* [Exercise data]
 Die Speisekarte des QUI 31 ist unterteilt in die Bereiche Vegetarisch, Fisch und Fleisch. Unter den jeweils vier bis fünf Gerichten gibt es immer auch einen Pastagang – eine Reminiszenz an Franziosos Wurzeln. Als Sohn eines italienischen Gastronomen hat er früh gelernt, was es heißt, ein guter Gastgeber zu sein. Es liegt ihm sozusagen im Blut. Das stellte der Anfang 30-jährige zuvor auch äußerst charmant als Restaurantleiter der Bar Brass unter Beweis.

--

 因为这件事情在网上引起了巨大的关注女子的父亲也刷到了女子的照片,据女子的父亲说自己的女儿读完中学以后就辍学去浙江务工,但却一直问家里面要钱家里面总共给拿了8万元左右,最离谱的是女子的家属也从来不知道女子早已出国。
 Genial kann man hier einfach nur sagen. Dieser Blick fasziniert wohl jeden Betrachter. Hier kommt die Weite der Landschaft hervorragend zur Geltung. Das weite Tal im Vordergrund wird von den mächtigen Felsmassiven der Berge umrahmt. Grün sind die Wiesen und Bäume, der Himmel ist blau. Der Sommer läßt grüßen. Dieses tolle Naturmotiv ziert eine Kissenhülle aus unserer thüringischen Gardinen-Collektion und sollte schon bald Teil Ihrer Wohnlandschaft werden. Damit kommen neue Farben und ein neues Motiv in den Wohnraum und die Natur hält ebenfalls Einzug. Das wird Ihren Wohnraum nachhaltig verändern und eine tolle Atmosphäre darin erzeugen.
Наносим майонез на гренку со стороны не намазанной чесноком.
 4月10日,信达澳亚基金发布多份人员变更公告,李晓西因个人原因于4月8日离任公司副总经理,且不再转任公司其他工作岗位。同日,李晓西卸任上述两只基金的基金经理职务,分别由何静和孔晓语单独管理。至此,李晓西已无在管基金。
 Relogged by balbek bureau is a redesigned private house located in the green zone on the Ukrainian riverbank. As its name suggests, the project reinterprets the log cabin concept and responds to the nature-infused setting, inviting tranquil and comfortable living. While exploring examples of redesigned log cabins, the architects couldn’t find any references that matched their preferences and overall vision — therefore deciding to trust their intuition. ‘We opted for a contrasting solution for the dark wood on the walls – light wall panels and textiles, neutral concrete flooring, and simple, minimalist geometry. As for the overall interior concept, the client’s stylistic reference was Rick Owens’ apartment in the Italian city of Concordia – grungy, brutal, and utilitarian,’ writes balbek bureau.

...

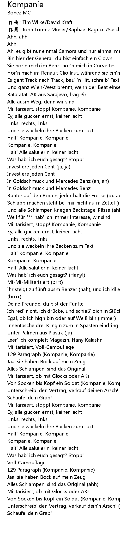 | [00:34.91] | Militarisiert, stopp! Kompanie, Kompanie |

* [Task goal]
Every line of the listing that holds "eine" is to be counted; give only the resulting number.

* [Solution for this exercise]
2